◆ PROBLEM ◆
Every line of the listing is returned unchanged, and every picture is dropped.
(DATASET EXCERPT begins)
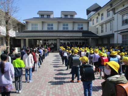 6年生とのお別れの式が行われました。在校生にとっては、今日が6年生とのお別れの日になります。これまでの感謝の気持ちを、「エール」のせて伝えました。
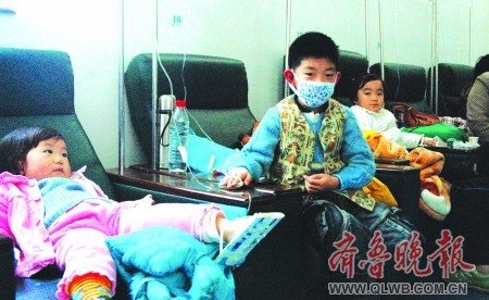 18日,濰坊市人民醫(yī)院,一名輸液的患兒戴上了彩色口罩防控甲流。甲流疫情暴發(fā)后,人們防范甲流的意識日漸增強。醫(yī)生說,戴口罩是防范甲流的一種有效辦法。
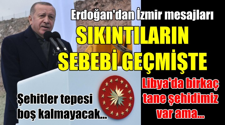 Cumhurbaşkanı Erdoğan, Manisa yolu üzerindeki Sabuncubeli tüneli ve bağlantı yolları ile Konak Tüneli'ni hizmetinize sunduklarını belirterek, "27 kilometrelik Kemalpaşa demiryolu bağlantısı, 136 kilometrelik Aliağa- Selçuk arasındaki İZBAN'ı şehrimize kazandırdık mı, Kemalpaşa OSB'ye demiryolu bağlantı hattını kurduk. İzmir- Ankara arasını 3 buçuk saate düşürecek yüksek hızlı tren hattının da şu anda yapımı devam ediyor. Yakında ihalesine çıkıyoruz. İçinde otoyol ve raylı sistemlerinin olduğu, İzmir Körfez Projesi'nin etüt planını tamamladık, imar planı çalışmaları sürüyor. Selçuk-Ortaklar arasında yeni bir demir yolu hattı ve ikinci hat yapımının proje çalışmaları tamamlandı. Adnan Menderes Havalimanı'nı baştan aşağı yeniledik. Tarımda İzmir'e son 17 yılda yaklaşık 4 buçuk milyar TL hibe desteği verdik ve 6.6 milyar TL de orman su yatırımı yaptık. Kırsal kalkınma destekleri kapsamında 38 projeye toplam 23 milyon TL'lik hibe ödemesi gerçekleştirdik. Tarıma dayalı ihtisas sera organize sanayi bölgesini Dikili'de kuruyoruz, bununla birlikte toplamda 1 milyar TL'lik yatırım yapıyoruz. 2020 yılında İzmir ve ilçelerinde toplam 46 adet tarım kredi kooperatif marketini hizmete açacağız. Bu sene 70 bin 500 dekar alanda çalışma yaparak 26 milyon fidanı toprakla buluşturacağız. Bu yıl 4 milyon adet fidan üreteceğiz. Kemalpaşa Nazarköy'de ormanlık alanda 20 kilometre yürüyüş parkuru olan ve 3 bin yıllık Hitit Anıtı'nı ön plana çıkaran ekoturizm alanı açacağız. İzmir'imize 1 şehir ormanı, 8 mesire yer ve 3 bal ormanı tesis edeceğiz. Bugüne kadar 28 baraj ve 3 göl inşa ettik, 14 baraj daha inşa ediyoruz. Son 17 yılda yaptığımız sulama tesisleriyle 547 bin dekar araziyi sulamaya açtık. İzmir kısa bir süreye kadar susuzdu. Biz Gördes Barajı'nı yaptık, onunla İzmir'i suya kavuşturduk: Halbuki bu görev İzmir Büyükşehir Belediyesi'nindi ama yapmadılar, yapamadılar, onu da biz gerçekleştirdik. 3 yeni OSB, 2 endüstri bölgesi 4 teknopark 91 AR-GE merkezi, 29 tasarı merkeziyle şehrimizi cazibe merkezi haline dönüştürdük. Verdiğimiz teşvikler ve kurduğumuz OSB'ler sayesinde son 17 yılda İzmir'de ilave 174 bin 400 istihdam sağladık. Endüstri bölgeleri tam kapasiteyle üretime geçtiğinde cari açığımızı yılda 2 milyar dolara yakın azaltacak. İzmir ve 25 ilçesine doğalgazı getirdik, inşallah önümüzdeki dönemde bu yatırımları sürdüreceğiz" dedi.
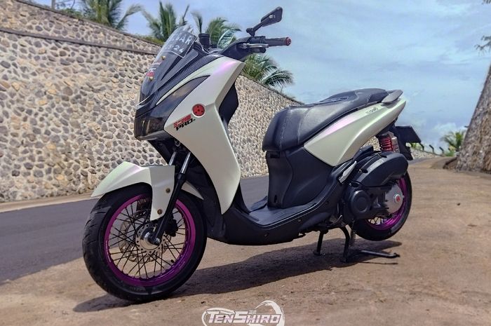 Jangan kira standar, tampang Yamaha Lexi ini pun dibuat menarik dengan bodi yang dicat ulang berkelir putih plus efek lembayung violet.
(DATASET EXCERPT ends)
◆ SOLUTION TO THE PROBLEM ◆
 6年生とのお別れの式が行われました。在校生にとっては、今日が6年生とのお別れの日になります。これまでの感謝の気持ちを、「エール」のせて伝えました。
 18日,濰坊市人民醫(yī)院,一名輸液的患兒戴上了彩色口罩防控甲流。甲流疫情暴發(fā)后,人們防范甲流的意識日漸增強。醫(yī)生說,戴口罩是防范甲流的一種有效辦法。
 Cumhurbaşkanı Erdoğan, Manisa yolu üzerindeki Sabuncubeli tüneli ve bağlantı yolları ile Konak Tüneli'ni hizmetinize sunduklarını belirterek, "27 kilometrelik Kemalpaşa demiryolu bağlantısı, 136 kilometrelik Aliağa- Selçuk arasındaki İZBAN'ı şehrimize kazandırdık mı, Kemalpaşa OSB'ye demiryolu bağlantı hattını kurduk. İzmir- Ankara arasını 3 buçuk saate düşürecek yüksek hızlı tren hattının da şu anda yapımı devam ediyor. Yakında ihalesine çıkıyoruz. İçinde otoyol ve raylı sistemlerinin olduğu, İzmir Körfez Projesi'nin etüt planını tamamladık, imar planı çalışmaları sürüyor. Selçuk-Ortaklar arasında yeni bir demir yolu hattı ve ikinci hat yapımının proje çalışmaları tamamlandı. Adnan Menderes Havalimanı'nı baştan aşağı yeniledik. Tarımda İzmir'e son 17 yılda yaklaşık 4 buçuk milyar TL hibe desteği verdik ve 6.6 milyar TL de orman su yatırımı yaptık. Kırsal kalkınma destekleri kapsamında 38 projeye toplam 23 milyon TL'lik hibe ödemesi gerçekleştirdik. Tarıma dayalı ihtisas sera organize sanayi bölgesini Dikili'de kuruyoruz, bununla birlikte toplamda 1 milyar TL'lik yatırım yapıyoruz. 2020 yılında İzmir ve ilçelerinde toplam 46 adet tarım kredi kooperatif marketini hizmete açacağız. Bu sene 70 bin 500 dekar alanda çalışma yaparak 26 milyon fidanı toprakla buluşturacağız. Bu yıl 4 milyon adet fidan üreteceğiz. Kemalpaşa Nazarköy'de ormanlık alanda 20 kilometre yürüyüş parkuru olan ve 3 bin yıllık Hitit Anıtı'nı ön plana çıkaran ekoturizm alanı açacağız. İzmir'imize 1 şehir ormanı, 8 mesire yer ve 3 bal ormanı tesis edeceğiz. Bugüne kadar 28 baraj ve 3 göl inşa ettik, 14 baraj daha inşa ediyoruz. Son 17 yılda yaptığımız sulama tesisleriyle 547 bin dekar araziyi sulamaya açtık. İzmir kısa bir süreye kadar susuzdu. Biz Gördes Barajı'nı yaptık, onunla İzmir'i suya kavuşturduk: Halbuki bu görev İzmir Büyükşehir Belediyesi'nindi ama yapmadılar, yapamadılar, onu da biz gerçekleştirdik. 3 yeni OSB, 2 endüstri bölgesi 4 teknopark 91 AR-GE merkezi, 29 tasarı merkeziyle şehrimizi cazibe merkezi haline dönüştürdük. Verdiğimiz teşvikler ve kurduğumuz OSB'ler sayesinde son 17 yılda İzmir'de ilave 174 bin 400 istihdam sağladık. Endüstri bölgeleri tam kapasiteyle üretime geçtiğinde cari açığımızı yılda 2 milyar dolara yakın azaltacak. İzmir ve 25 ilçesine doğalgazı getirdik, inşallah önümüzdeki dönemde bu yatırımları sürdüreceğiz" dedi.
 Jangan kira standar, tampang Yamaha Lexi ini pun dibuat menarik dengan bodi yang dicat ulang berkelir putih plus efek lembayung violet.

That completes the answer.